((
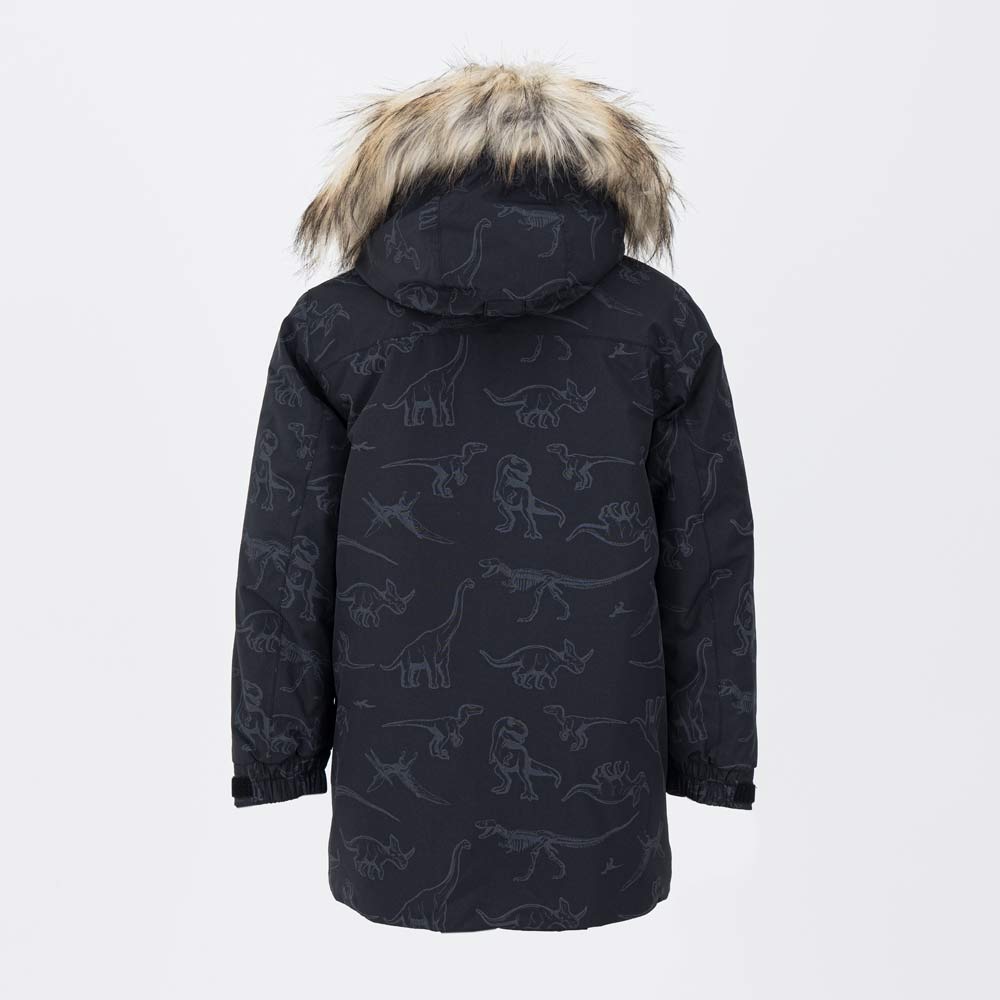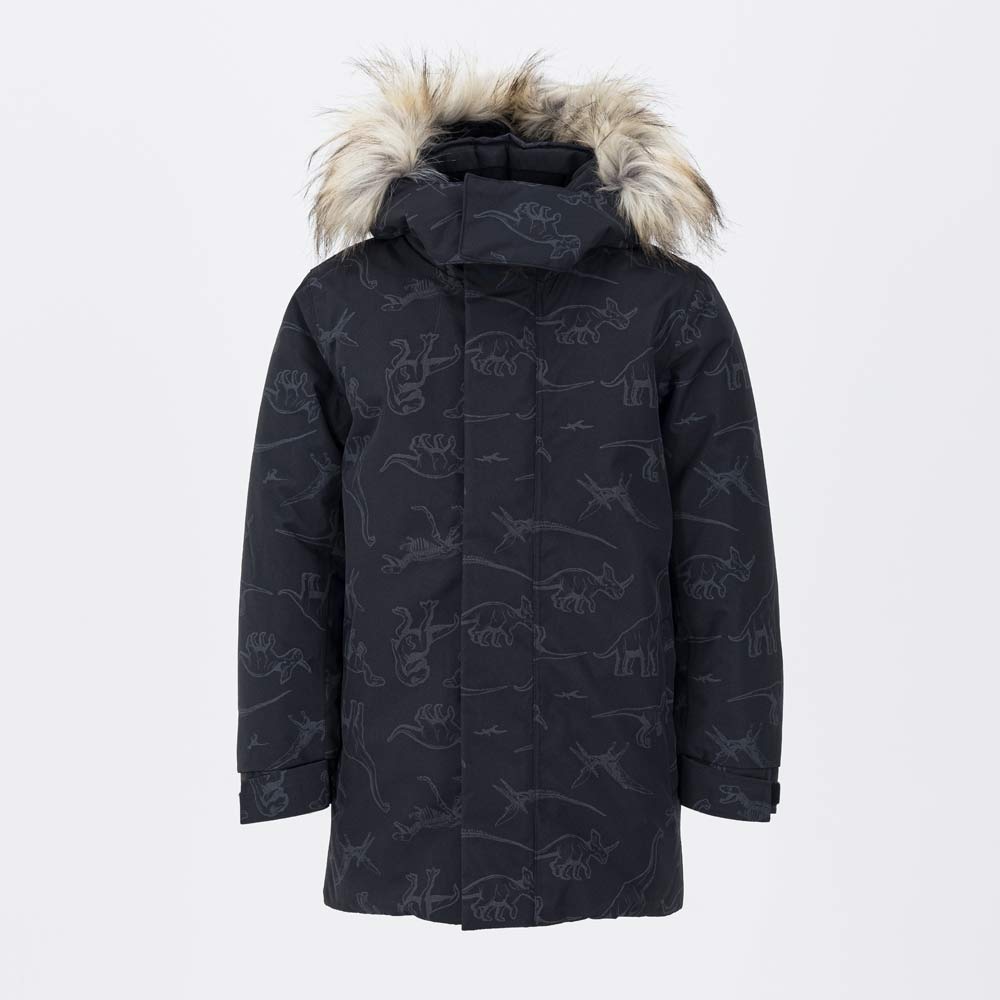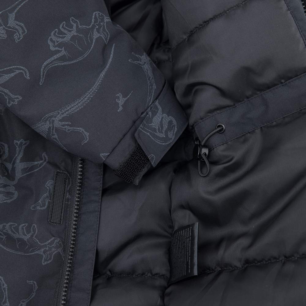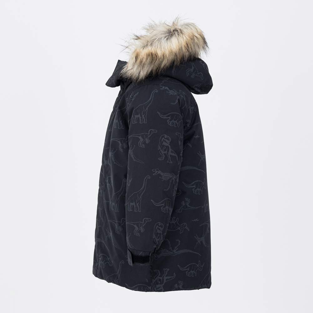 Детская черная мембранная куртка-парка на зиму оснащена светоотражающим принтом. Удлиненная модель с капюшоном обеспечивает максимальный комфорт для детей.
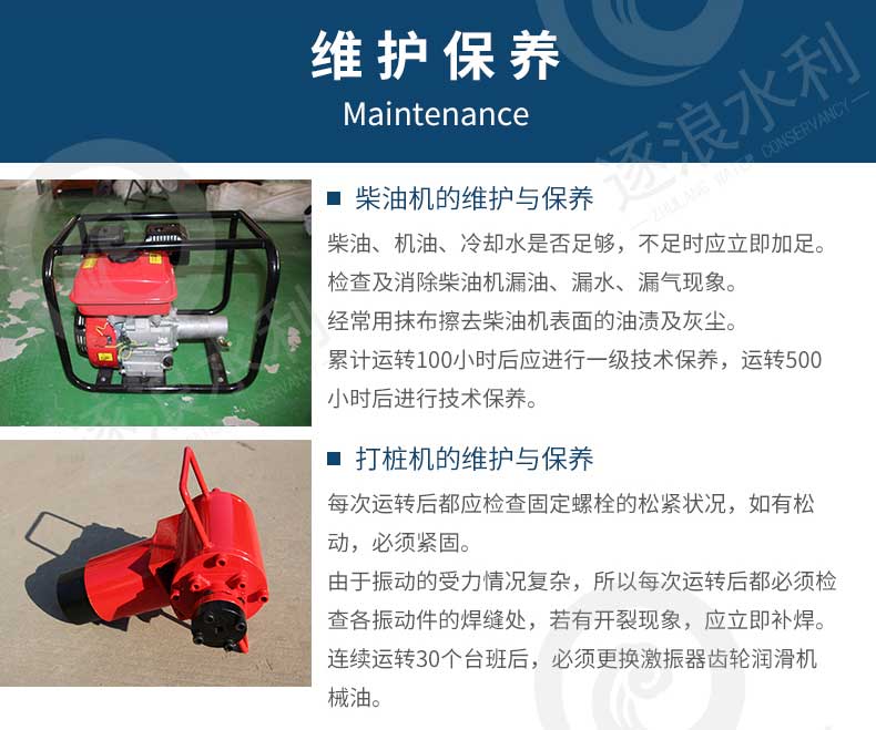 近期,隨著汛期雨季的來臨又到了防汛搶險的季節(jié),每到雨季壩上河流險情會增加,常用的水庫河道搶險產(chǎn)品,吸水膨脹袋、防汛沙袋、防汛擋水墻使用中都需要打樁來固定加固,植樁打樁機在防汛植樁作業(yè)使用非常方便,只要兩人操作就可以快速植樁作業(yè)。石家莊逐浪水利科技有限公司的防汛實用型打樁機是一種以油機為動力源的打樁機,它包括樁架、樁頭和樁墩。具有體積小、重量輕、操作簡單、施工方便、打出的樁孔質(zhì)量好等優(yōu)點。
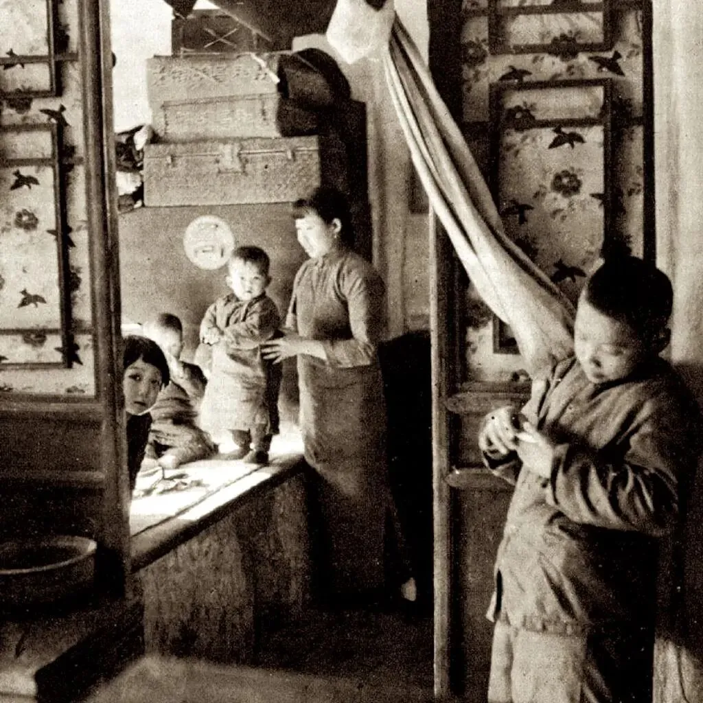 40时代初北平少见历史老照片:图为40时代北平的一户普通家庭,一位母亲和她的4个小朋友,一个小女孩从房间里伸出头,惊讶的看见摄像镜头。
))
[Problem details]: An exact reproduction of the data is needed, with no pictures included.

[Final answer]:
 Детская черная мембранная куртка-парка на зиму оснащена светоотражающим принтом. Удлиненная модель с капюшоном обеспечивает максимальный комфорт для детей.
 近期,隨著汛期雨季的來臨又到了防汛搶險的季節(jié),每到雨季壩上河流險情會增加,常用的水庫河道搶險產(chǎn)品,吸水膨脹袋、防汛沙袋、防汛擋水墻使用中都需要打樁來固定加固,植樁打樁機在防汛植樁作業(yè)使用非常方便,只要兩人操作就可以快速植樁作業(yè)。石家莊逐浪水利科技有限公司的防汛實用型打樁機是一種以油機為動力源的打樁機,它包括樁架、樁頭和樁墩。具有體積小、重量輕、操作簡單、施工方便、打出的樁孔質(zhì)量好等優(yōu)點。
 40时代初北平少见历史老照片:图为40时代北平的一户普通家庭,一位母亲和她的4个小朋友,一个小女孩从房间里伸出头,惊讶的看见摄像镜头。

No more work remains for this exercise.